Зимовка

We use cookies. Read the Privacy and Cookie Policy

Зимовка

«Мы нашли здесь две вещи, которые мы не в состоянии объяснить: на низком мысу стоит большая испанская печь, сложенная из кирпичей, а на вершине одного холма — маленький деревянный крест. Трудно сказать, каким старинным мореплавателям принадлежат эти реликвии. Магеллан казнил здесь нескольких мятежников…»

Чарльз Дарвин, «Путевой дневник» (запись от 14 января 1834 года о бухте Сан-Хулиан).

Моряки стали располагаться на зимовку. В защищенной скалами от осенних бурь бухте Сан-Хулиан корабли были в безопасности. Но окрестности бухты были однообразны и унылы. В туманную даль уходила слегка холмистая равнина. Мелкая серая галька перемежалась с зарослями грязно-зеленой или бурой травы, росшей пучками. Кое-где виднелись невысокие, скрюченные деревья.

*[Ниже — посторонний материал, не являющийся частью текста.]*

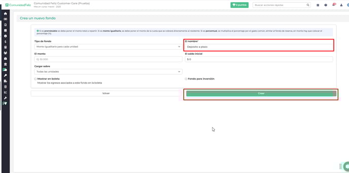 4. Acá deberás escribir solo el Nombre del Fondo. No cambies, ni agregues nada más. Por último, haga clic en el botón verde Crear.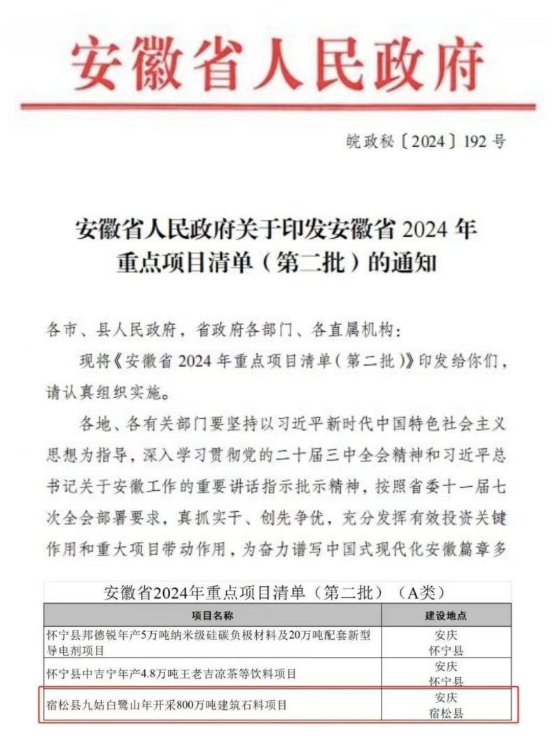 近日,安徽省人民政府公布了2024年重點(diǎn)項(xiàng)目清單(第二批),宿松縣九姑白鷺山礦項(xiàng)目成功入選,為該批次我市僅有三個(gè)重點(diǎn)A類項(xiàng)目之一。

Огромные кондоры сидели на темных вершинах прибрежных скал.

На отмелях и на осыпях гальки грелись на нежарком, осеннем солнце серые ящерицы да лениво ползали большие черные жуки. Стаи надоедливых мух вились над лагерем.

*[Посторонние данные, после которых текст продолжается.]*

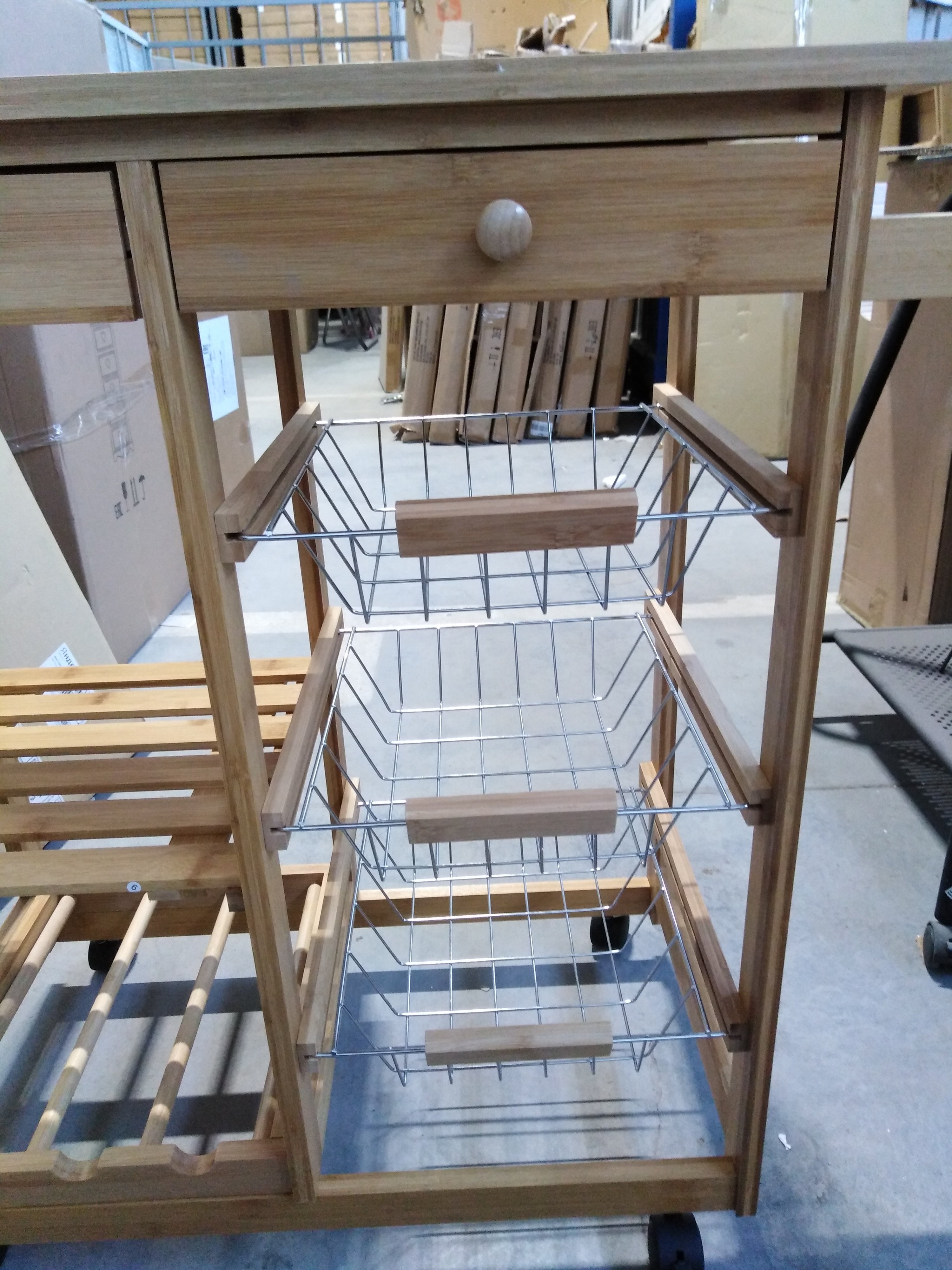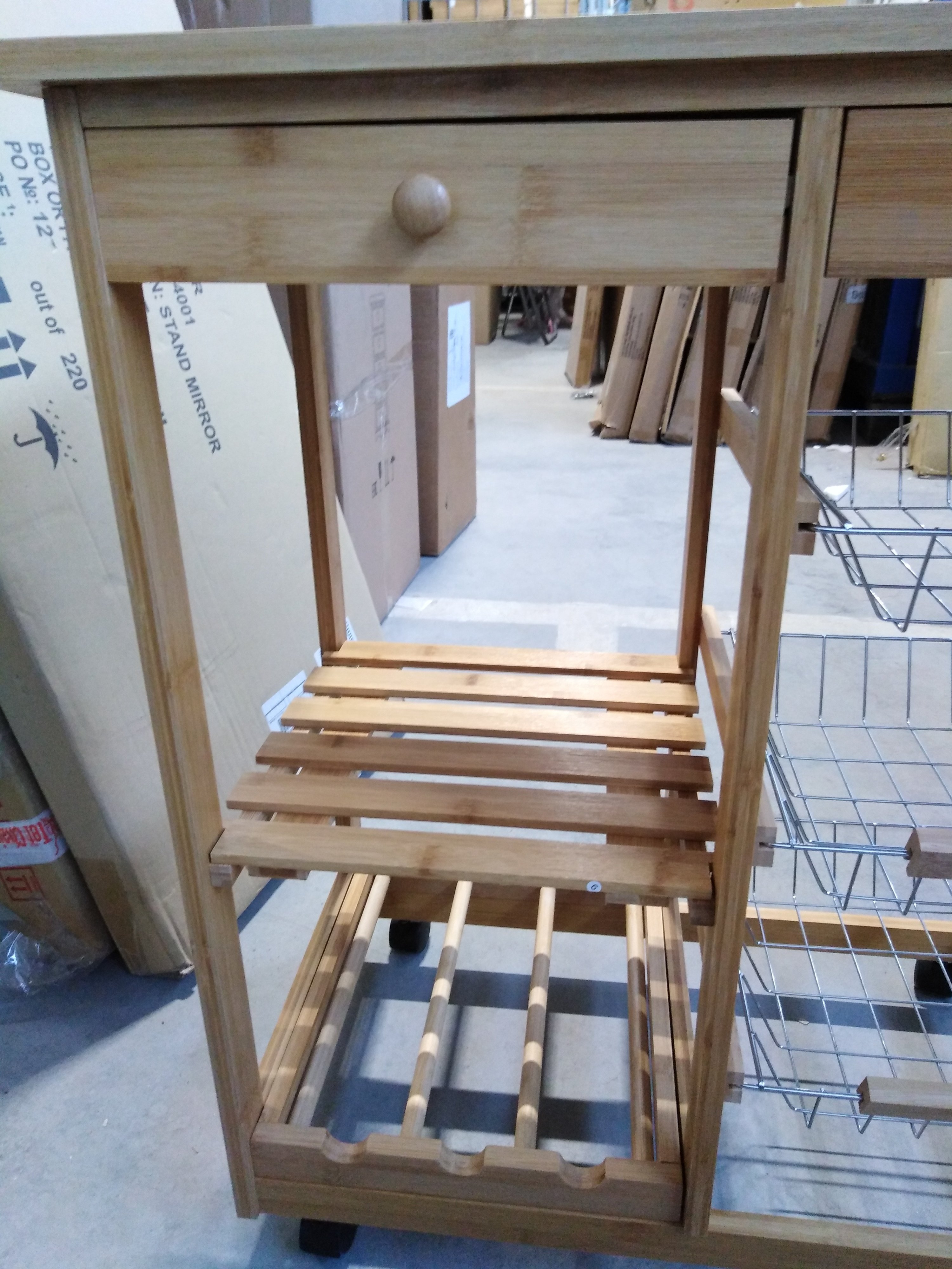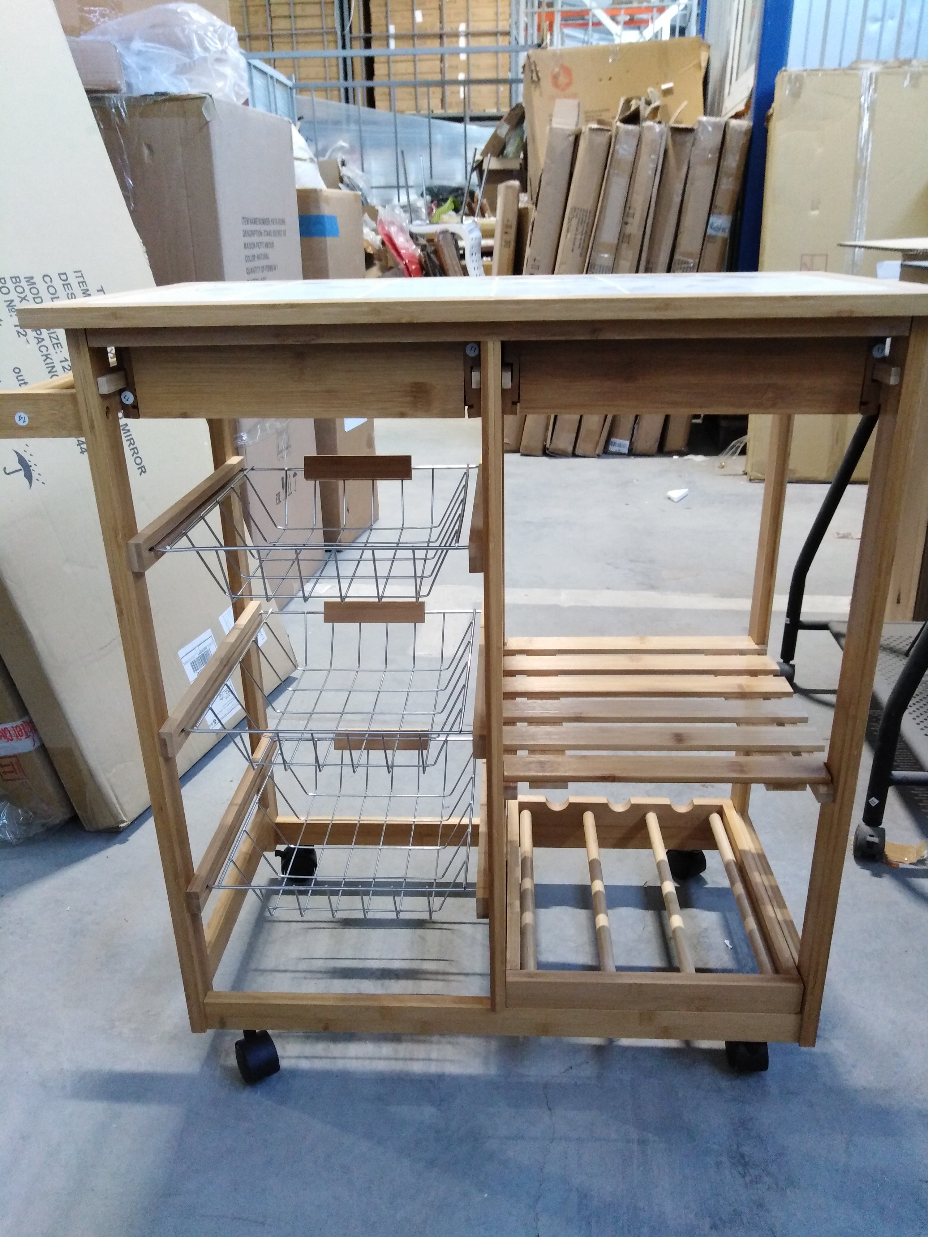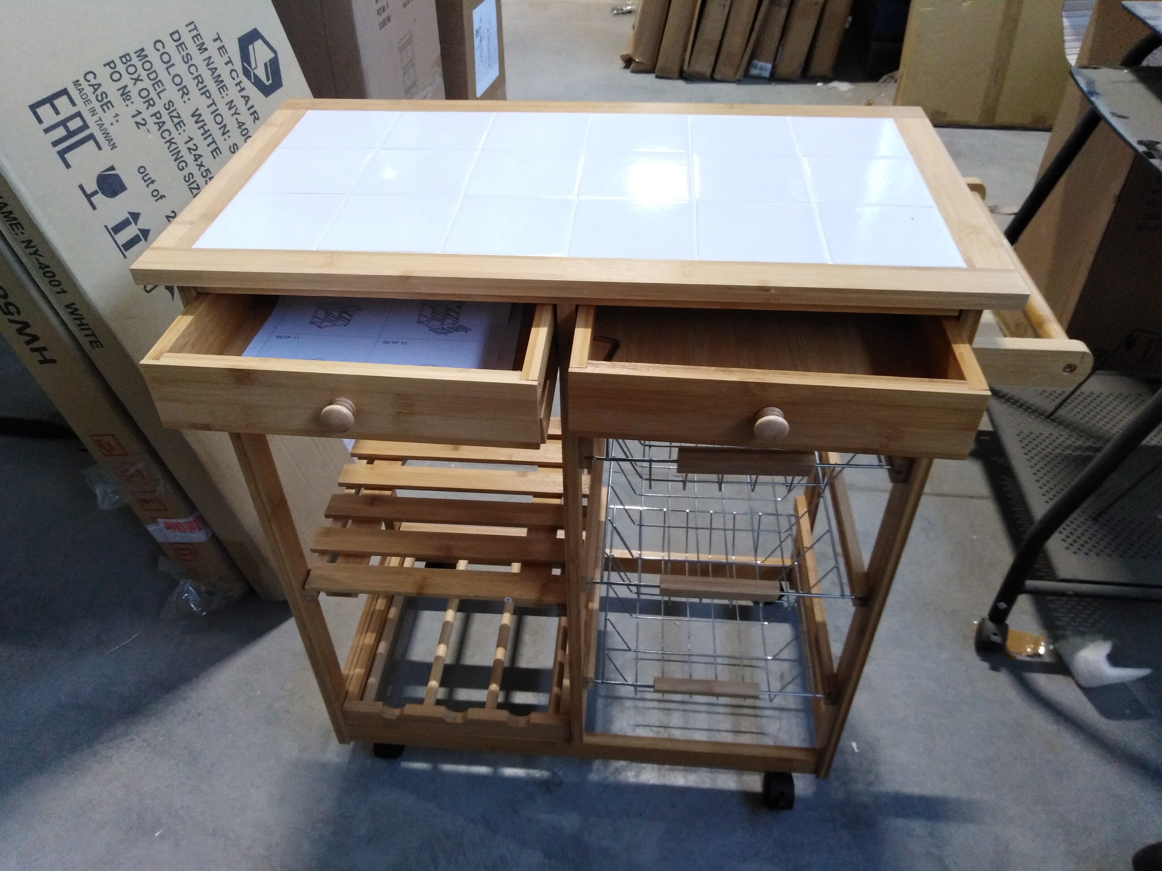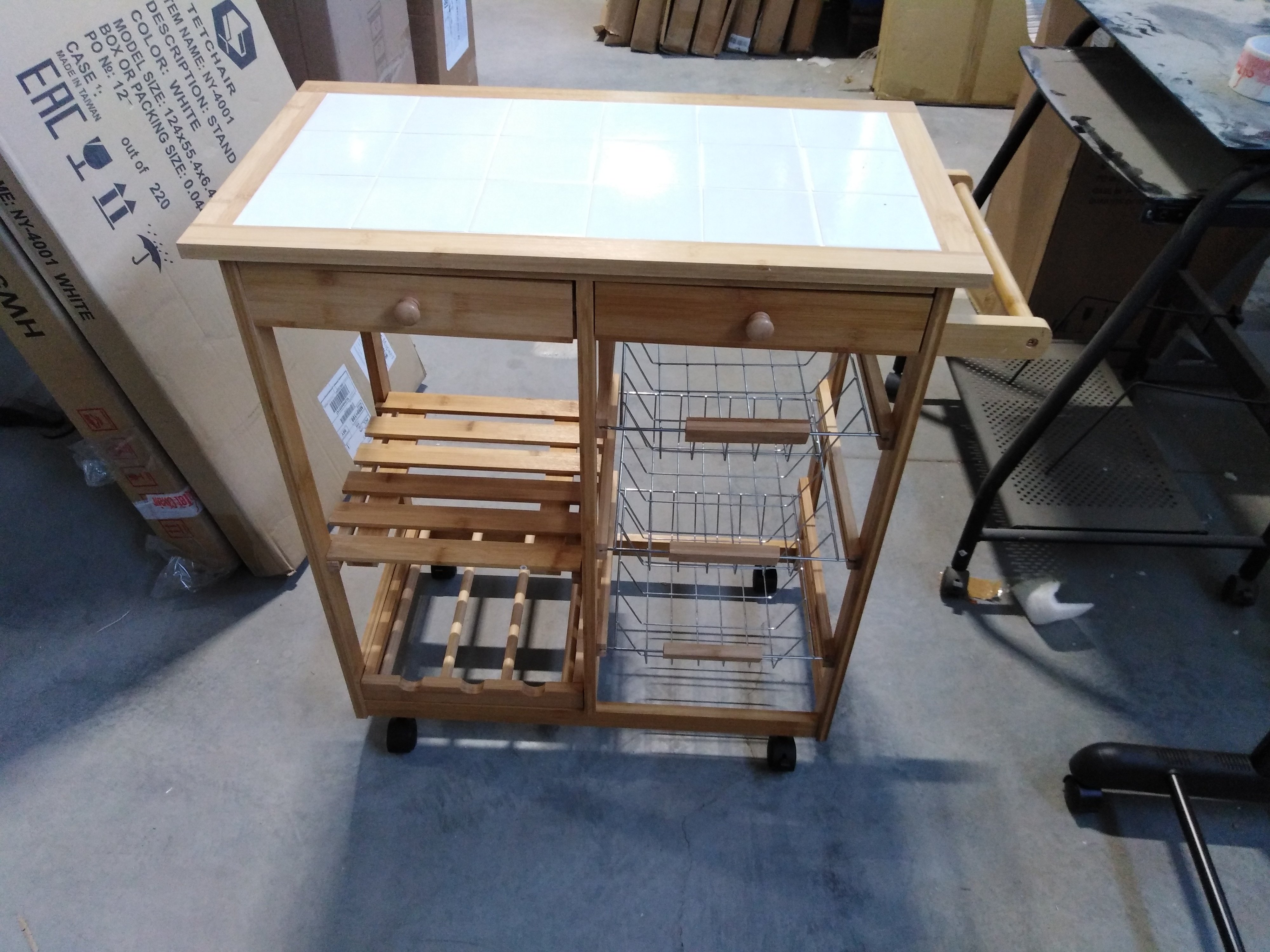Описание товара без дефектов: Коллекция «Экостиль» представляет легкие, прочные, изделия из натурального прессованного бамбука, с красивой фактурой, полностью экологичные, не подверженные влаге, для кухни, ванной и жилых комнат. Столик передвижной кухонный разделочный на колесиках, столешница из плитки, с 2-мя ящиками и тремя металлическими выдвижными полками. Материал: прессованный бамбук, поставляется 1 шт. в 1 кор.; объем 0,05м3.

Все прибрежные откосы были испещрены норами большеухих мышей и кроликов. Иногда испанцы видели главного врага этих грызунов — небольшую красную лисицу.

В Сан-Хулиане моряки познакомились с новым животным — гуанако[58]. Стада гуанако часто показывались вблизи лагеря, и Магеллан несколько раз устраивал на них облавы.

Но бухта Сан-Хулиан не понравилась испанцам. Там было очень мало пресной воды. Кроме того, моряков угнетала пустынная страна, раскинувшаяся вокруг. Поэтому уже в мае командир послал на разведки корабль «Сант-Яго». Капитан корабля Хуан Серрано должен был выяснить, нет ли на юге, поблизости от Сан-Хулиана, пролива, о котором Магеллан мечтал столько лет.

«Сант-Яго» поплыл вдоль берега. С правого борта моряки все время видели угрюмое побережье — все те же темно-красные и сизые скалы, прибрежный песок и осыпи гальки. Но через несколько дней испанцы открыли большую реку, которую они назвали Санта-Крус. Река быстро несла свои прозрачные голубые воды по чистому, покрытому блестящей галькой дну. Вдоль берегов высились базальтовые скалы.

На реке испанцы провели шесть дней. Они охотились на гуанако, морских львов и мелких страусов — нанду, ловили рыбу, набирали пресную воду. Потом поплыли дальше.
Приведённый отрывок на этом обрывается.